Phi-3-medium-128k-instruct-quantized.w4a16 是一个文本生成模型，基于 Phi-3 架构。它的主要输入和输出都是文本。该模型通过将权重量化为 INT4 数据类型进行优化，适合于商业和研究用途，尤其是在英文环境下作为助手型聊天机器人的应用。

模型优化

这个模型通过将权重量化为 INT4 来优化，与未量化的模型相比，虽然其在 OpenLLM 基准测试上的得分略有下降（从 74.46 降到 72.38），但在存储和计算资源的使用上更加高效。通过量化操作，减少了每个参数所占用的位数，提高了系统的处理效率和存储能力。

适用场景

Phi-3-medium-128k-instruct-quantized.w4a16 适用于商业和研究领域中需要英文文本生成的任务。其设计特别针对助手型聊天机器人应用。然而，该模型不适用于违反法律法规的使用场景，也不支持非英语文本的处理。

部署方法

使用 vLLM

用户可以通过 vLLM 后端高效部署此模型。以下是使用 vLLM 的一个基础示例：

from vllm import LLM, SamplingParams
from transformers import AutoTokenizer

model_id = "neuralmagic/Phi-3-medium-128k-instruct-quantized.w4a16"

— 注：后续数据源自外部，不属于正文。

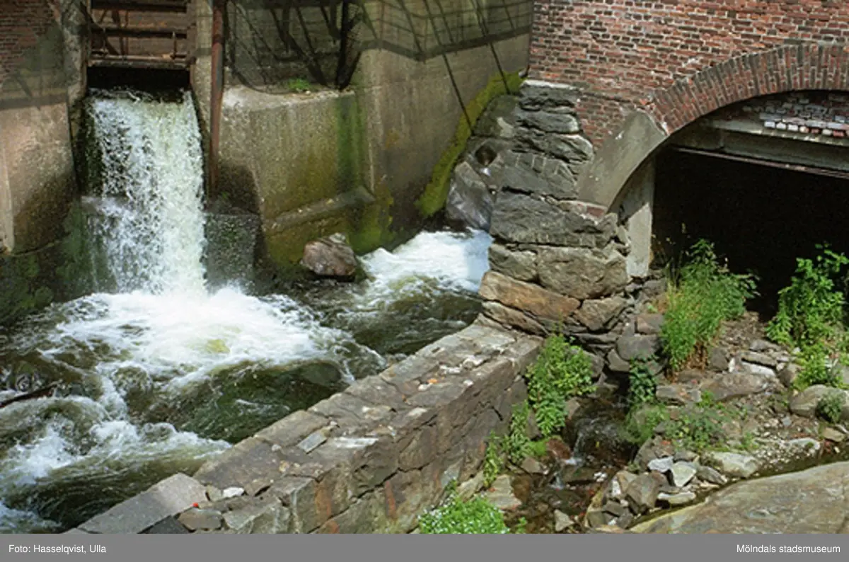 Kulturmiljön vid forsen i Mölndals kvarnby, 1997-07-08. Till vänster ses F-fabriken (Oljeslageriet) och till höger Lilla Götafors fd. vattenränna.

sampling_params = SamplingParams(temperature=0.6, top_p=0.9, max_tokens=256)

tokenizer = AutoTokenizer.from_pretrained(model_id)

messages = [
    {"role": "system", "content": "你是一个喜欢用海盗风格说话的聊天机器人！"},
    {"role": "user", "content": "你是谁？请用海盗风格回答。"},
]

prompts = tokenizer.apply_chat_template(messages, tokenize=False, add_generation_prompt=True)

llm = LLM(model=model_id, tensor_parallel_size=2)

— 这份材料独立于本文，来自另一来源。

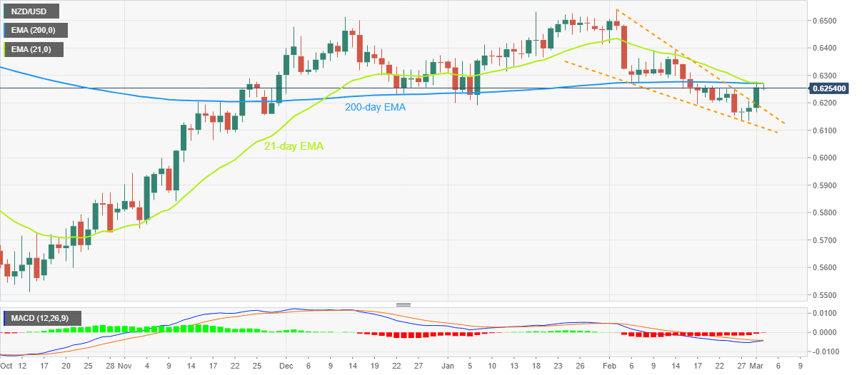 NZD/USD bulls struggle to justify the falling wedge breakout as the key moving averages challenge upside near the mid-0.6200s during early Thursday. However, the impending bull cross on the MACD indicator keeps the Kiwi pair buyers hopeful, especially after the confirmation of the bullish chart pattern the previous day.

outputs = llm.generate(prompts, sampling_params)
generated_text = outputs[0].outputs[0].text
print(generated_text)

vLLM 还支持 OpenAI 兼容的服务，更多详情请查阅 vLLM 文档。

使用 transformers

以下示例展示了如何在 Transformers 中通过 generate() 函数部署模型：

from transformers import AutoTokenizer, AutoModelForCausalLM

model_id = "neuralmagic/Phi-3-medium-128k-instruct-quantized.w4a16"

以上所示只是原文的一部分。